Kubernetes Authorization
Authorization is executed after the authentication stage, but before the HTTP request body (if any) is deserialized. In other words, at this stage, authorization decisions cannot be made based on the user-provided data, only based on metadata. Additionally, the current API server data is also not available for making decisions.
Essentially, the parameters defined in the API server section, together with the user info, make up the attributes that are at the Authorizer's disposal for producing a response.
Kubernetes also provides an API, SubjectAccessReview
, which allows an actor check if another actor is authorized to perform a given action.
Kubernetes supports multiple Authorizers, where each Authorizer is asked serially from the first to the last. Each Authorizer can produce an Allow
, Deny
or NoOpinion
response. If Allowed, the API server short-circuits and proceeds to the next stage of the API request process. If NoOpinion
is returned, the API server asks the next Authorizer in the chain, or denies the request, if there is no further authorizer to ask. If Denied
, it short-circuits as well, and denies the request. In summary, order matters for the authorizer list.
The de-facto default authorizer chain consists of the builtin Node, and RBAC authorizers. Let's cover them next.
Kubernetes' RBAC Authorizer
Kubernetes implements declarative Role-Based Access Control through defining the ClusterRole
, Role
, ClusterRoleBinding
and RoleBinding
types, where the Cluster
prefix indicates that the role or binding applies cluster-wide, and absence means the role or binding applies in a given namespace.
RBAC rules are purely additive, in other words the RBAC authorizer will return other Allow
, or NoOpinion
, never Deny
.
A (Cluster)RoleBinding defines a mapping between a set of users or groups (matching username and groups of UserInfo
) that are bound to one (Cluster)Role.
A (Cluster)Role defines a set of policies for allowed requests to match. Each policy defines:
- A set of apiGroups to match (any of them)
- A set of resources to match (any of them)
- A set of verbs to match (any of them)
An allowed request must contain a matching apiGroup, resource and verb.
Optionally, the rule can contain a set of resourceNames to match as well, for when the request's name must be in the list too.
The RBAC authorizer is built into the API server in Go code, but the authorizer receives RBAC objects through a regular client through REST requests (i.e. it does not "bypass" the normal request path), so it is topologically the same as running the RBAC authorizer outside the API server binary, barring that there isn't any need in-binary to issue an HTTP request querying for the authorization decision, which is a necessity out-of-tree. The RBAC authorizer makes decisions based on the RBAC API objects it has cached in-memory (and which are updated through a standard API server watch TODO link)

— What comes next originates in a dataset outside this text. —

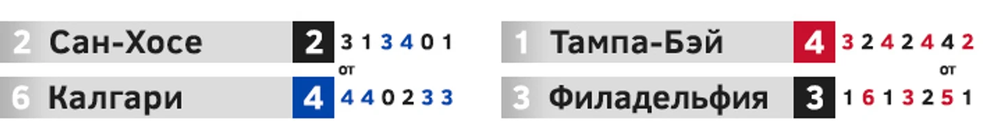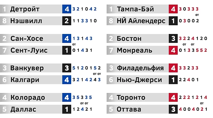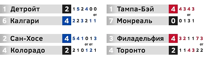 «Тампа» вновь налегке прошла соперника. Свой шанс зацепиться за серию «Монреаль» упустил в третьем матче, позволив Лекавалье сравнять счет в самой концовке. Ричардс добил «Канадиенс» уже на второй минуте овертайма. В остальных поединках исход был ясен задолго до финальной сирены, «молнии» впервые оказались в финале конференции. У Николая Хабибулина после 9 матчей: 96,4% отраженных бросков и одна пропущенная шайба в среднем. «Филадельфия» и «Торонто» обменивались домашними победами вплоть до шестого матча, в котором случился дубль Джереми Реника с победным голом в овертайме. Лидерам «Торонто» Сундину и Могильному не хватило помощи от остальной команды, «Флайерс» оказались глубже, быстрее и мощнее. Пенсильванцы обычно не жаловали игроков с российским паспортом, но в этот раз приобрели по ходу сезона сразу троих. Защитники Малахов и Даниил Марков были лидерами команды по показателю полезности в плей-офф, а центрфорвард Жамнов делил первое место с Игинлой в списке бомбардиров после двух раундов.

Notably, the RBAC storage layer (not the authorizer) prevents privilege escalation when creating/updating Roles and RoleBindings by making sure the user trying to change a policy already has access to all the policies that would be applied to the new role or binding.
RBAC supports aggregated ClusterRoles (such that one ClusterRole can inherit policies from others), but this is done through a controller copying source PolicyRules to the aggregated ClusterRole's Rules. With ReBAC, we can just create an edge between one ClusterRole to another without further ado.
Additionally, RBAC is extensible, and allows users and programs to define custom verbs in addition to the ones used by the API server. This can be used in conjunction with the SubjectAccessReview
API, where operators, admission controllers or extensions can delegate the authorization decision, e.g., whether a user is able to set a specific field, to the authorizers already used by the API server, for which the user already has a defined authorization state.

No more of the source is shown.